Imagine you’re at a pizzeria. You and a friend ordered a peperoni pizza and later go wash up. You come back to the table and see that everyone else has their pizza. But your spot on the table is empty. So you ask…

Wo ist unsere Pizza?

If you were instead expecting a basket of bread, you’d ask…

Wo ist unser Brot?

Or if you were expecting a basket..umm..of cheese?

Wo ist unser Käse?

Can you say those?

Where is our pizza?

Wo ist unsere Pizza?

Where is our bread?

Wo ist unser Brot?

Where is our cheese?

Wo ist unser Käse?

How about: Our wardrobe is very old.

Unser Schrank ist sehr alt.

Our bathroom is very beautiful.

Unser Badezimmer ist sehr schön.

Our lamp is broken.

Unsere Lampe ist kaputt.

I was watching the Simspons in German once, and there was a scene where Homer hugged their refrigerator and said: I love our fridge.

Ich liebe unseren Kühlschrank.

Did you remember to add an “en” sound to the end of unser….unseren…Because, of course, the supporting words change when we do something to a masculine noun.

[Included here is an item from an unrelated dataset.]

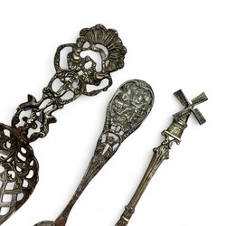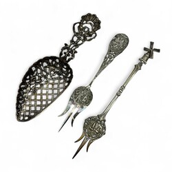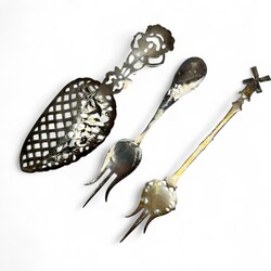 | Omschrijving | Lot van twee 20e eeuwse tweede gehalte (835/1000) zilveren cakeprikkers, met daarbij een natfruitschep. Eén cakevork met Nachtwacht- en herbergdecor, de andere gedeeltelijk opengewerkt, met landschapsdecor en bekroond met windmolen, de natfruitstijl in renaissancestijl, mr. Z/Z = Zaanlandse Zilversmederij, Haarlem, jaarletter A (1960) |
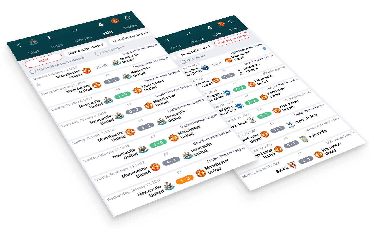 In addition to the match data and standings, H2H is the most inquired function for users. Our data will always be updated in the first time.

I was going on a picnic with some relatives in Vienna. Before heading out, my cousin picked up their new puppy and told everyone:

I’m taking our new little friend here with.

Ich nehme unseren kleinen Freund hier mit.


End with some review? Try to say..

We’re looking for a pastry shop.

Wir suchen eine Konditorei.

I love chocolate.

Ich liebe Schokolade!

Tell the waitress: I would have with pleasure a coffee.
Ich hätte gerne Kaffee.

…but then your friend walks in, so you change your order:

Two instances, please.

Zweimal, bitte.

I’m taking his bread.

Ich nehme sein Brot.

Compare that with: I’m taking his bread with (me).

Ich nehme sein Brot mit.

The check, please!

Die rechnung, bitte.

Those “ung” nouns. Always feminine, right? Say…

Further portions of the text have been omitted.